Когда Хэрст раскрыл фолиант, на первом листе его я не увидел ничего, кроме нарисованного телеграфного столба, даты, очень давней, и подписи: «Капитан Мориссон с корабля „Вега“». Вверху листа была обозначена географическая широта и долгота, что повторялось и на всех последующих листах, заключавших в себе разного рода изображения подобного же телеграфного столба, к которому изредка рисовальщик приделывал верхушку в виде крохотного языка, иной раз ставя зачем-то столб в воду. Но вскоре все стало разъясняться. На седьмом, — как сейчас помню, — листе ясно различалось очертание не столба, а животного, какого-то исполинского змеевидного существа, которое на морском просторе поднимало на высоту мачты рыболовного судна шею, увенчанную крохотной стреловидной головой, как бы для того, чтобы запастись воздухом. В голове замечалось что-то общее с осетром. Пунктиром была обозначена длина шеи и радиус ее размаха. Небольшой рисунок внизу листа изображал момент, когда чудовище погружало в воду свое гигантское туловище.
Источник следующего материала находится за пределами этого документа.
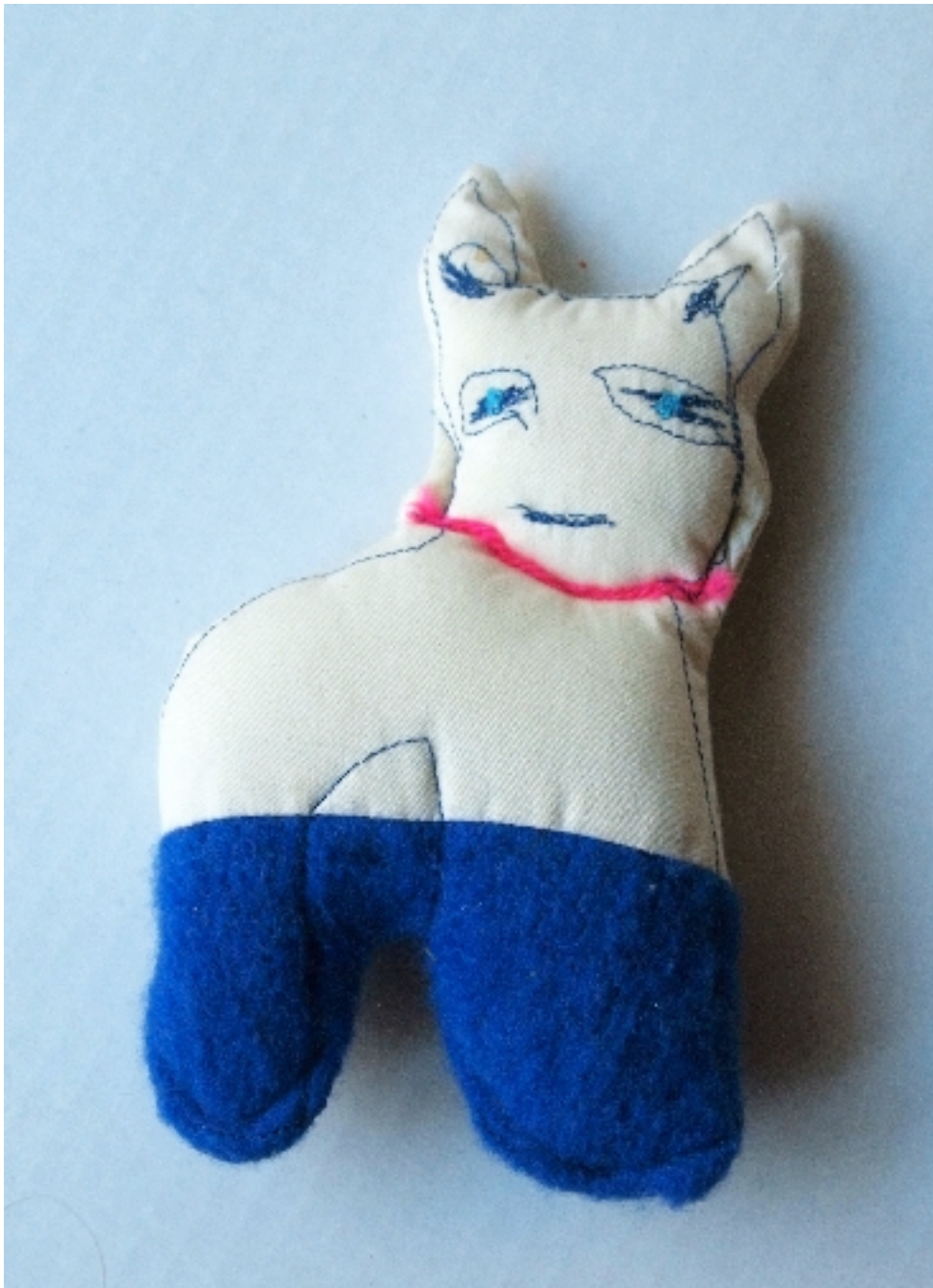
Franziska Degendorfer unbekannt (ca. 2008) Stoff, mixed Media Maße: 15 x 10 x 4 cm
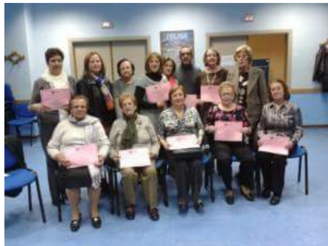
Clausura del taller "Hablar en público" y recogida de diplomas

Hemos recibido diplomas de la Concejalía de Igualdad por la colaboración del día de violencia de género. Y diploma de talleres que hemos hecho a lo largo de estos años.
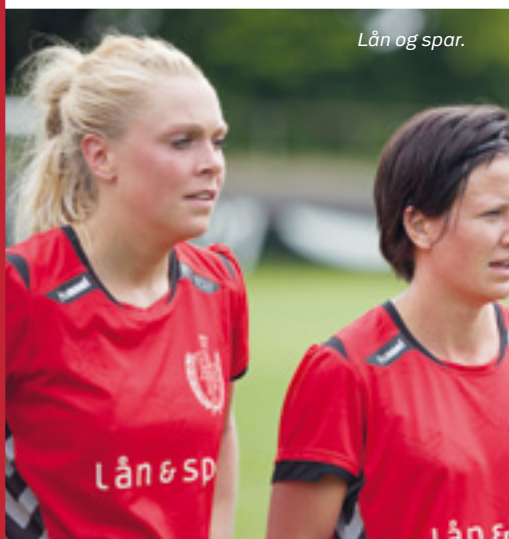
Lån og spar.
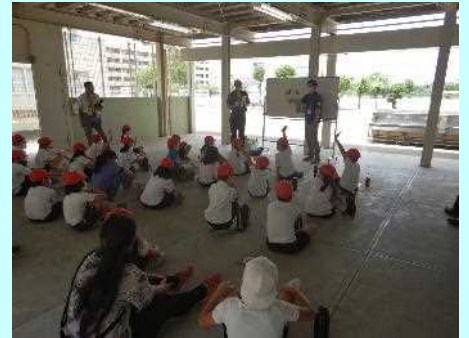
■きゅうり&ピーマンクイズ!
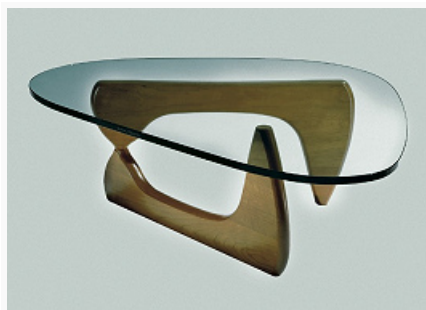
И. Ногучи. Кофейный столик.
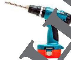
die Bohrmaschine die Bohrmaschinen
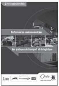
13 38,8 €
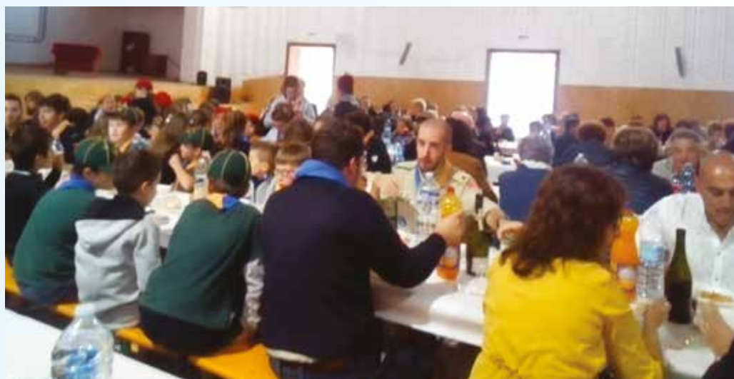
Pranzo comunitario in Oratorio
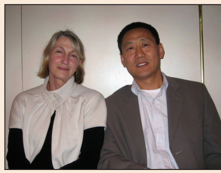
重回中華唐代鼎盛的唯一希望 (第八版)
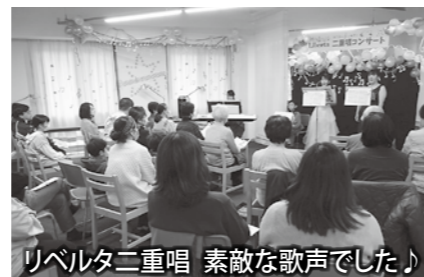
リベルタ二重唱 素敵な歌声でした♪

11月19日に西川小図書館で Fun Time Library (ファンタイムライブラリー) 2023 が開催されました。午前の部はサークルピーつくによるおなはなし会と工作教室、午後の部は Liberta (リベルタ) による二重唱のコンサートを行いました。工作教室では約41名が参加し、ギターを作りました。それぞれ個性の光る作品に仕上げていました。
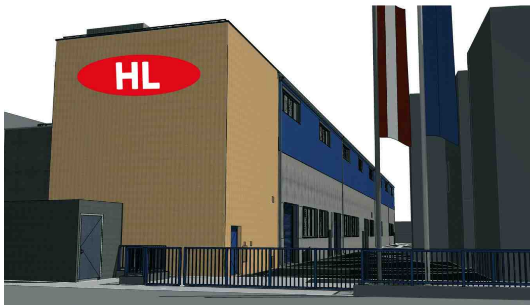
Im November erfolgt die Eröffnung der neuen Werkshalle.

Beide Unternehmen vertreiben ihre Produkte unabhängig voneinander über den SHK-Großhandel. Jung Pumpen liefert den Plancofix Connect samt Dichtmanschette, welche für die fachgerechte Ausführung der Verbundabdichtung erforderlich ist.
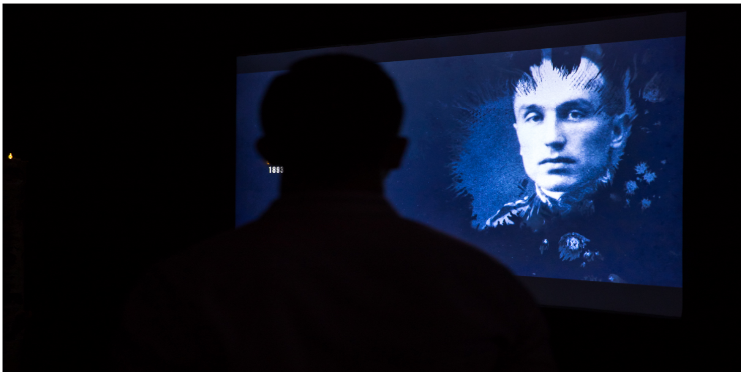
Wystawa IPN „20 – 40 – 20” .

https://przystanekhistoria.pl/pa2/teksty/80197,Zbrodnia-katynska-w-archiwaliach-IPN.html
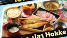
เอ๊กซาซุ + ปลา Hokke

36,919 ราคา เริ่มต้น บาท รวมภาษีมูลค่าเพิ่ม 7%
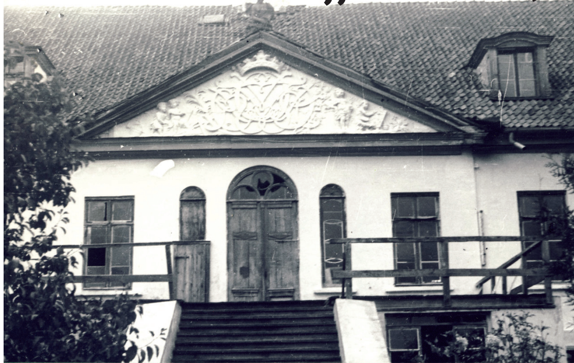
Senajā fotogrāfijā redzams skats uz Apriķu muižas dienvidu frontona cilni.

Restaurācijas laikā rasti būtiski atklājumi gan par cilni, gan Kurzemes un Latvijas teritorijas baroka laika mākslu: atrastas liecības par tehnoloģijām, kādās veikti vēsturiskie krāsojumi, par cilņa sākotnējo niansēto krāsojumu un vēlākiem grezniem pārkrāsojumiem, kā arī liecības par laiku, kad atjaunošanas darbi
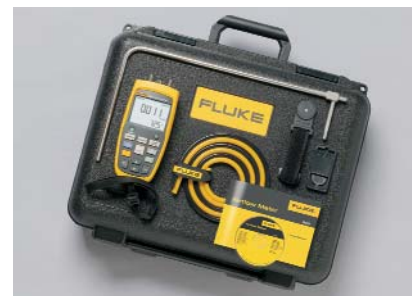
Fluke 922 Kit

Datenspeicher: 99 Messwerte Abmessungen HxBxT: 17,5 cm x 7,75 cm x 4,19 cm Gewicht: 0,64 kg Batterie: Vier Batterien Typ AA Batterielebensdauer: 375 Std. ohne Hintergrundbeleuchtung, 80 Std. mit Hintergrundbeleuchtung Zwei Jahre Gewährleistung
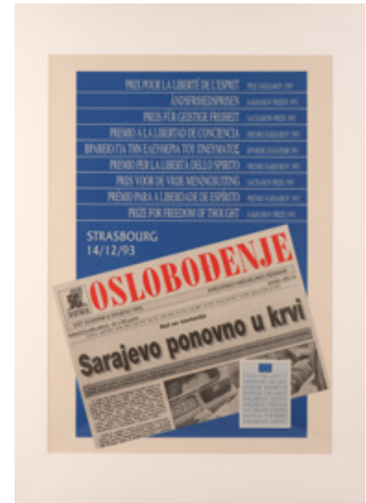
SAHHAROVI MÕTTEVABADUSE AUHINNA PLAKAT (1993)

Maalikunstnik Jörg Immendorff nägi kunstis sotsiaalsete ja poliitiliste murede leevendajat. Guašš „ Wähle! “ (1979) pärineb ajast, mil kunstnikul valmis tema kuulsaim pildisari „Cafe Deutschland“ (1977–1982) 12 . See väike maal paberil – „Wähle!“ – on kirglik üleskutse vabalt sõna võtta ja valida erinevate alternatiivide vahel, osutades seega aktiivsele osalemisele ühiskonnaelus.
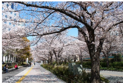
川崎駅線路沿いの桜並木 (ツアーでは夜桜を鑑賞)
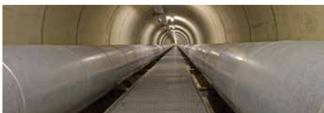
Développement des réseaux de chaleur
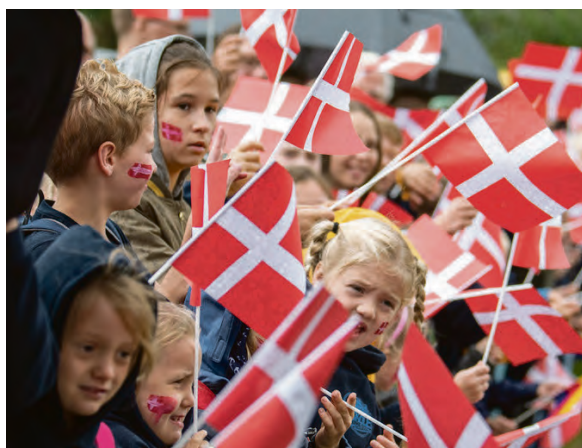
Forventningsfulde børn med flag overalt – trodsende vind og vejr.
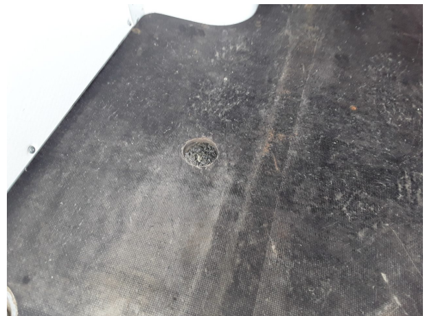
Beschädigung 5: Interieur: Laderaumboden - beschädigt - instandsetzen
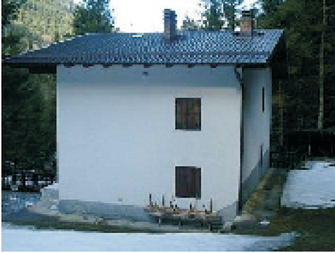
PROSPETTO NORD EST
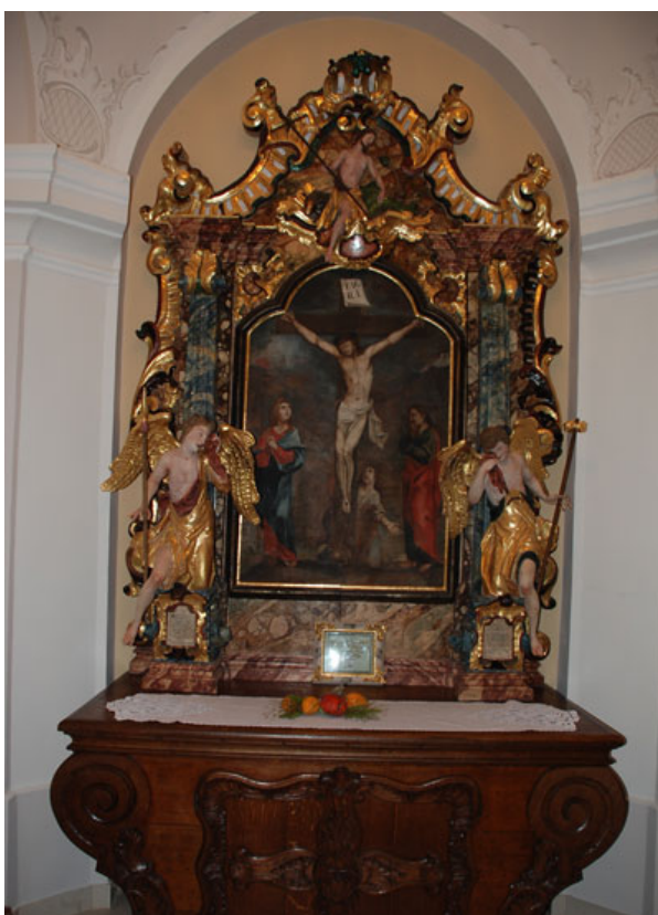
Slika 4-4 Kapela svetog Križa

Kapelica se po dolasku sestara u Lužnicu nalazila u prizemlju lijevog krila dvorca, ali je bila vrlo malena što je osobito nepovoljno bilo ljeti kada bi nedjeljom i blagdanom uz sestre dolazio i velik dio naroda. Časna majka Ignacija Pavičić preuredila je u tu svrhu jednu od gospodarskih zgrada koja je zadovoljavala svojom veličinom i to je bila „ljetna kapelica“, ali prilikom oduzimanja zemljišta, oduzeta im je i kapelica. Nova se nalazila u dvorcu, ali ne više u prizemlju, već na katu na mjestu bivšeg dvorskog salona baruna Raucha. Prilikom uređenja kapelice sestre su vodile računa da se sačuva uspomena na bivše gospodare dvorca. U desnom krilu dvorca na prvome katu sačuvana je još jedna mala „Rauchova kapelica“ s izvornim uređenjem, te uljanom slikom raspeća na baroknom drvenom oltaru.
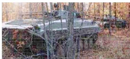
Пиёдалар жанговар машинасининг ёлгон макетлари
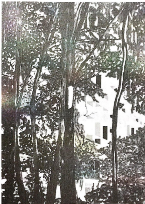
林中的小屋（油画）1994彼得·德·拉·海耶（英国）

枝叶清晰的深绿树从中透出白色的水泥公寓，轻盈的笔法描摹出房屋密集的窗户，形成了有趣的反差。
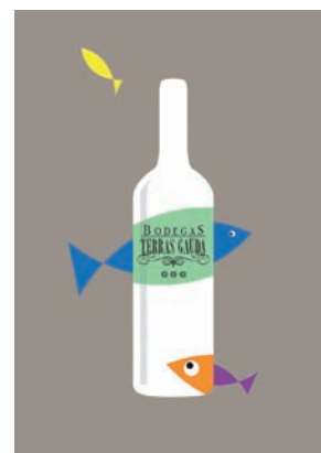
↑ Cartel de Taber Calderón, ganador del certamen en 2008 / Poster by Taber Calderón, winner of the 2008 competition
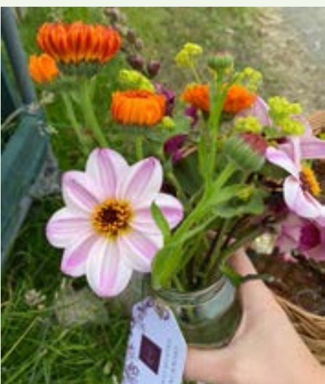
Ffigwr 2: Blodau jar jam yn cael eu casglu a'u torri gan y cyhoedd a'u trefnu'n sypiau eu hunain.

Plannwyd bylbiau blodau trwy Mypex, sydd, er yn fwy llafurus bellach, yn lleihau'r chwynnu yn y gwanwyn. Roedd yr ymateb gan y cyhoedd, gan ddechrau gyda'r arwerthiannau cennin Pedr ym mis Mawrth yn wych. Datblygwyd llinell newydd mewn blodau jariau jam a phrofodd hyn i fod yn boblogaidd wrth i amrywiaeth y blodau gynyddu. Anogwyd y cyhoedd i gasglu a thorri blodau a threfnu eu sypiau eu hunain. Roedd y gwelyau blodau uchel ar gyfer diwrnodau PYO yn boblogaidd iawn ac yn llwyddiannus yn ariannol, felly, y bwriad yw gwneud mwy o'r rhain yn 2022, gan ddechrau gyda bylbiau'r gwanwyn.

— Не меняя положения, морской змей может исследовать вокруг себя воду на тринадцать метров глубины, — сказал Хэрст.
Мы переворачивали лист за листом, где были документированы очевидцами все случаи встречи в океанах и морях с морским змеем. Почти каждый лист отмечал глубины. Каждый лист был подписан; иной раз подписывалось какое-либо другое лицо вместо неграмотного рыбака, свидетельствовавшего свою историю. От листа к листу образ морского змея становился все ясней и ясней. Если один давал вид общий, — другой отмечал деталь и, в конце концов, в воображении выступал весь зверь с своей окраской, в состоянии и покоя и движения. Я помню прекрасно в одном месте надпись, которая гласила, что змей плавал почти на поверхности! Значит, он мог управлять своим огромным внутренним давлением, чтобы не разорваться подобно пузырю, поднявшись вверх! Это положительно путало все мои представления о тех рыбах-чудовищах, которые живут на таких глубинах, где давление водяного столба способно было бы моментально расплющить их в стебель водоросли, не будь этого внутреннего давления.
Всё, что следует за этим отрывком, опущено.